Preheat Air Fryer to 350 degrees.
Remove the turkey breast from the package. Discard any extra juice and pat the turkey breast dry.
Pour the olive oil over the top of the outside of the turkey breast.
Sprinkle the salt and pepper on top.
Next, remove the skins from the two garlic heads.
Place one whole garlic head inside of the turkey.
Chop up the other garlic head into smaller pieces and place the pieces on top of the turkey skin (and under the skin if you wish).
Add the chopped rosemary and squeeze the lemon all over the top of the turkey.
Place the turkey breast in the air fryer.
Cook at 350 degrees for about 30 minutes to 35 minutes.
Flip the turkey breast over, raise the temperature to 375 degrees and cook it for an additional 20 minutes to 25 minutes, depending on the size of your turkey breast.

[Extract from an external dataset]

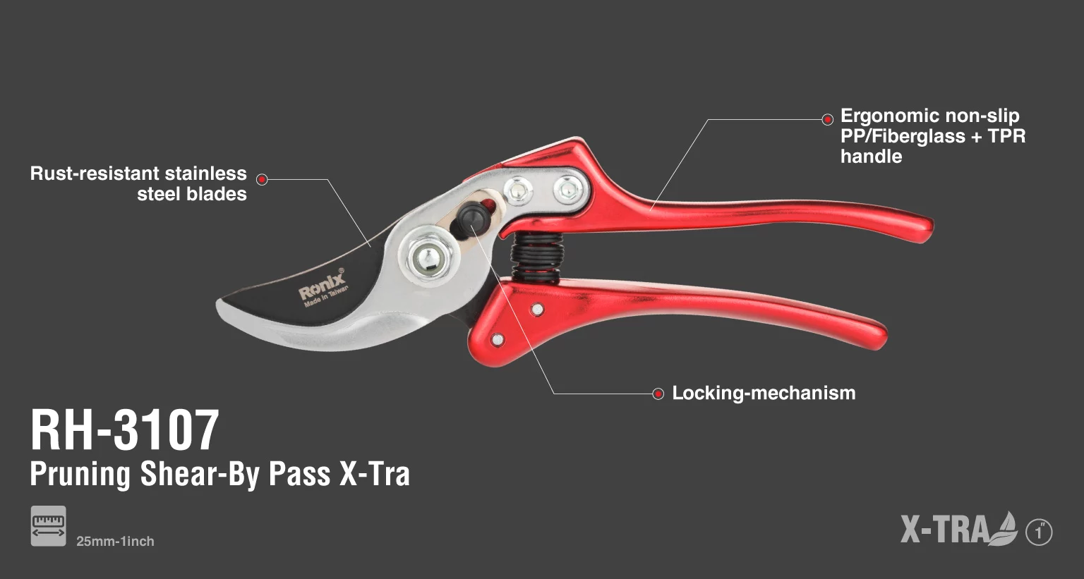 قیچی باغبانی X-tra رونیکس مدل RH-3107 مناسب برای هرس کاری حرفه ای است که ساخت کشور تایوان می باشد. این ابزار دارای تیغه های تیز و تولید شده از فولاد کربنی مقاوم در برابر زنگ زدگی است که امکان ایجاد برش های آسان و دقیق را فراهم می کند.
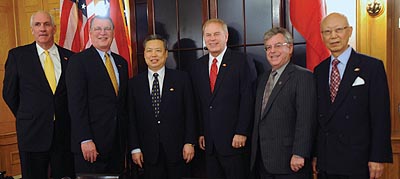 From left: Stewart Chase, Dir, Boggs, Dept. of Agricultural, Amb.Peng Ke Yu, Governor Strickland, Dir. Barbash, Dept. of Development, Anthony

The turkey breast is ready when it’s a nice golden brown, has crispy skin and the instant-read thermometer reaches an internal temperature of 165 degrees.
After removing the turkey from the air fryer, there will be fat drippings and juice left in the pan; this is what you want for the gravy.
Making The Gravy
You’ll want to heat the pan drippings back up until they start to sizzle and brown a little. You can do this on the stovetop.
Heat a saucepan at medium-high heat, add the fat drippings to the saucepan.
Once they are browned, add the flour in slowly, constantly stirring with a whisk.
Heat for about a minute or until golden brown.
Next, add the turkey broth. Then add the soy sauce, brown sugar, black pepper, and butter. Whisk well.
Continue to cook it until it starts to bubble, stirring consistently. Reduce the heat and simmer for about five minutes, continuing to stir.
Transfer gravy to a gravy boat or serving container.
If gravy is too thick – you can add a little water or more stock. If it is too thin, you can add a little cornstarch. Any leftover gravy can be reheated via stovetop or microwave. Store the gravy in a covered container in the fridge.